ERNIE: Jenn, I’d like to turn our conversation now to a dialogue that you and some of your colleagues addressed directly in your July 2023 publication in PLOS Biology, and that of course is the issue of genetically modified plants, which have become so controversial in recent years. In the PLOS publication, you make very compelling arguments for the place of synthetic biology and plant genetic modification to create climate-resilient plants and be vitally important and effective stalwarts in resisting the devastating impacts of climate change. Would you share some of your thoughts on that?

JENN: Yeah. Here I want to emphasize just how challenging it might be to make climate-resilient crops. We have seen a lot of differences across the globe in regulations on transgenic plants, some of which allow for no modifications to be made at all, and some of which are more amenable to small modifications to the plant’s genome being made by tools like CRISPR or TALENs, basically gene editing to be done. But we really think that we should be able to bring to bear all of our tools and creating climate-resilient plants to ensure that we do have agricultural and food stability into the future, and we think that having regulations that facilitate innovation in that space are going to be really important, right?
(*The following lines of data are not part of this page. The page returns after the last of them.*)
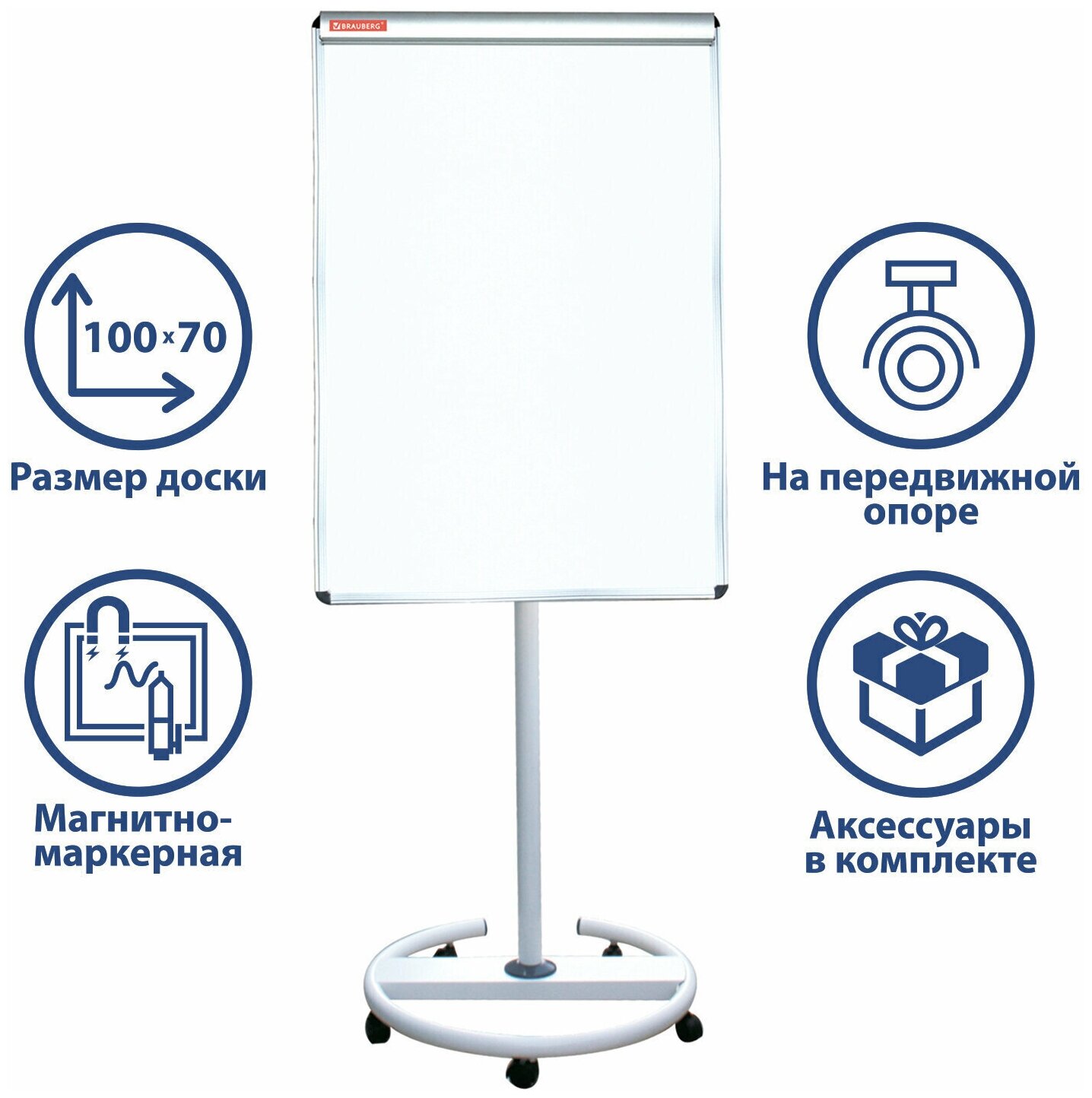 Флипчарт магнитно-маркерный BRAUBERG 100х70 см, передвижной
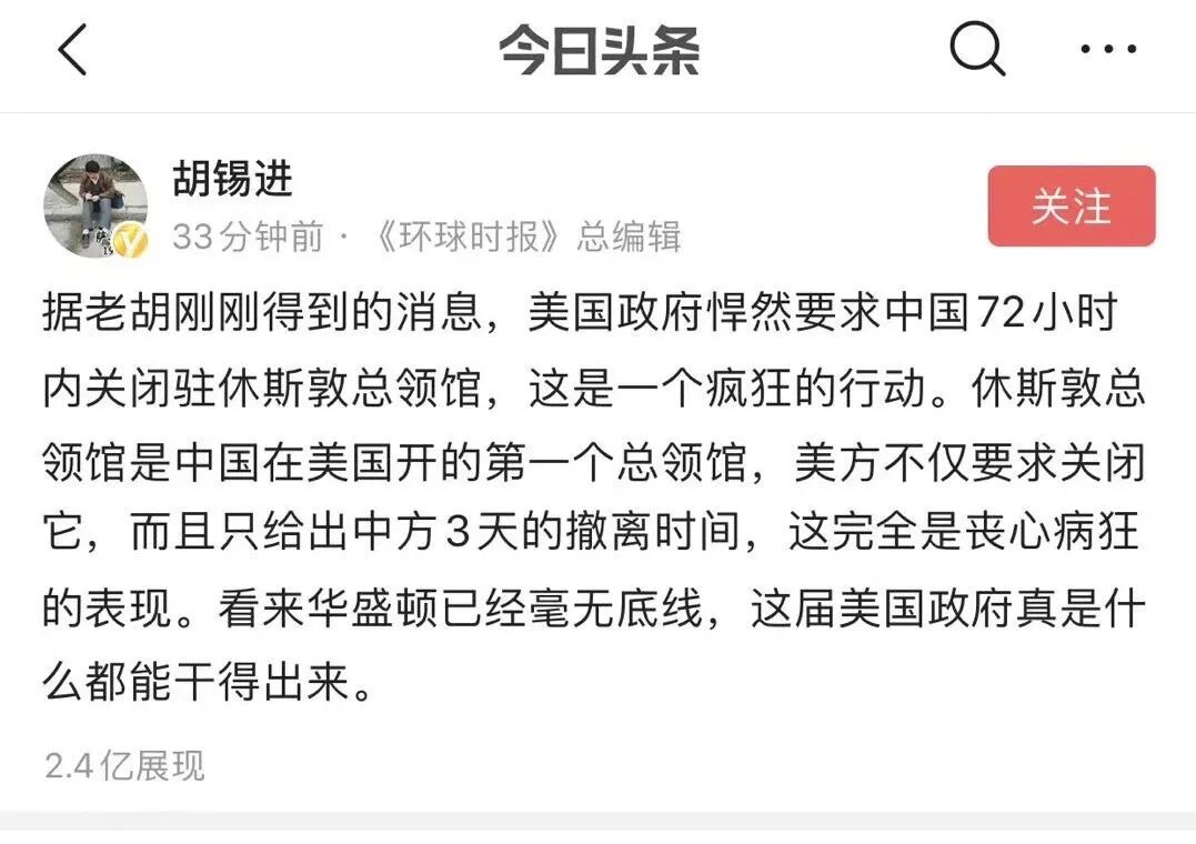 中国官方媒体《环球时报》的总编辑胡锡进在微博上透露更多细节说,中国领事馆被要求在“72小时内关闭”。他称,这是一个“疯狂的行动”。胡锡进表示,休斯敦总领馆是中国在美国开的第一个总领馆,美方不仅要求关闭它,而且只给出中方3天的撤离时间,这完全是“丧心病狂的表现”。
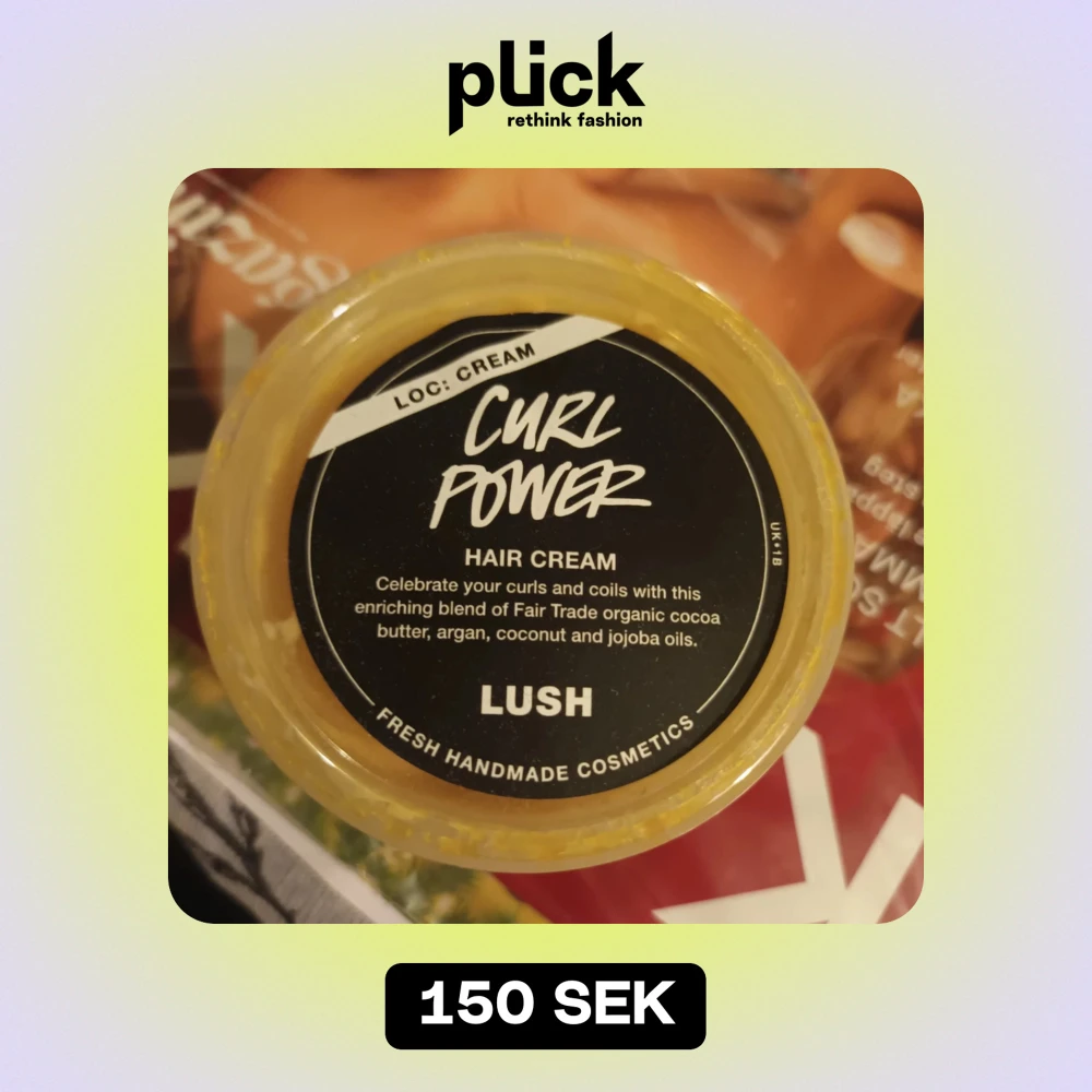 Curl Power Hair Cream från Lush är en kräm för att definiera och vårda lockar. Den innehåller Fair Trade ekologiskt kakaosmör, argan-, kokos- och jojobaoljor för att ge näring och glans. Perfekt för att fira och framhäva dina naturliga lockar och spiraler.

You see already how the regulations shape what seed companies and researchers go after in terms of traits and modifications, but if we were to more fully embrace all of the different types of modifications that we could make, then I think we would have a better arsenal at our disposal for making sure these agricultural systems are really resilient. So in this piece we were really just trying to put forth an argument that changes in regulation, which are also tied in to how people feel about genetically modified plants, are going to be important for actually realizing or producing these resilient crop varieties, and that we would really like to see advancement in that space. 

ERNIE: It sounds like the debate may be really subject to change as the pressures grow.
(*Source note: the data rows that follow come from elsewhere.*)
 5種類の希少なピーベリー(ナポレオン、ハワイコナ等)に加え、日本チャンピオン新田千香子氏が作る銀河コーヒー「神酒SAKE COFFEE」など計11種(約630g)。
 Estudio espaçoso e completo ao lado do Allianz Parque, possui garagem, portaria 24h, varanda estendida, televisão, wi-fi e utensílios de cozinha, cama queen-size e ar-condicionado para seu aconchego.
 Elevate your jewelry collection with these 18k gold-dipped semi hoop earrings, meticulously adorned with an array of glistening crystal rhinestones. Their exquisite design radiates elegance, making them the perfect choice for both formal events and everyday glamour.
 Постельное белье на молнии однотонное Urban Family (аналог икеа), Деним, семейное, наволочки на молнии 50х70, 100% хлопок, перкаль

JENN: Yes, I think that that is entirely possible. It just would be nice to not be in a completely reactionary position, where we are faced with threats that are so urgent that we’re reacting to them by changing regulations, and instead being a little bit more forward looking and thinking like, okay, we can see that these things are likely going to be a problem in the future, like let’s start facilitating the development of the technologies that will get us there now. 
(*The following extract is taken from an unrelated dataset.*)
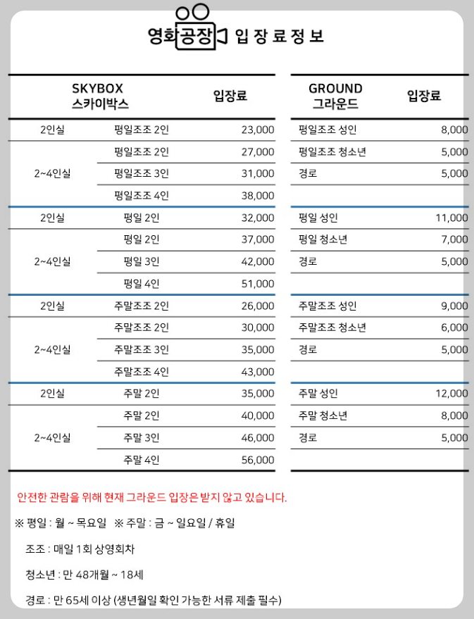 스카이박스와 그라운드 가격이 이런데..

ERNIE: Jenn, as we’ve certainly seen this year of 2023, climate change is no longer on the horizon, it’s happening now and likely to increase in the near future, with huge planetary impacts that we’ve already started seeing. I know you’re working hard to do your bit, but in your estimation are mitigating scientific advances happening fast enough? Are you optimistic at this point? 

JENN: I’m going to have to be optimistic about it just to get through the day-to-day. I have small children, I have to be optimistic about their future, too. But I think we could certainly see more scientific advancement happening. Where I am more disappointed is actually not in the scientific advances but in the politics around all of it. I think there are many things that we could be doing now with the technologies that we have that we are not doing, which would have an outsized impact on the climate. And relying on some magic science silver bullet to fix the environment to fortify us against climate change is kind of silly, and we should really be doing more than just relying on new technological achievements in order to address some of these issues. That’s not what everybody wants to hear, but I do think that those things go hand in hand. You can develop the new technology too, but if there’s not incentives in place for people to switch over to use it, then it won’t matter. 

ERNIE: So Jenn, where is your research headed from here?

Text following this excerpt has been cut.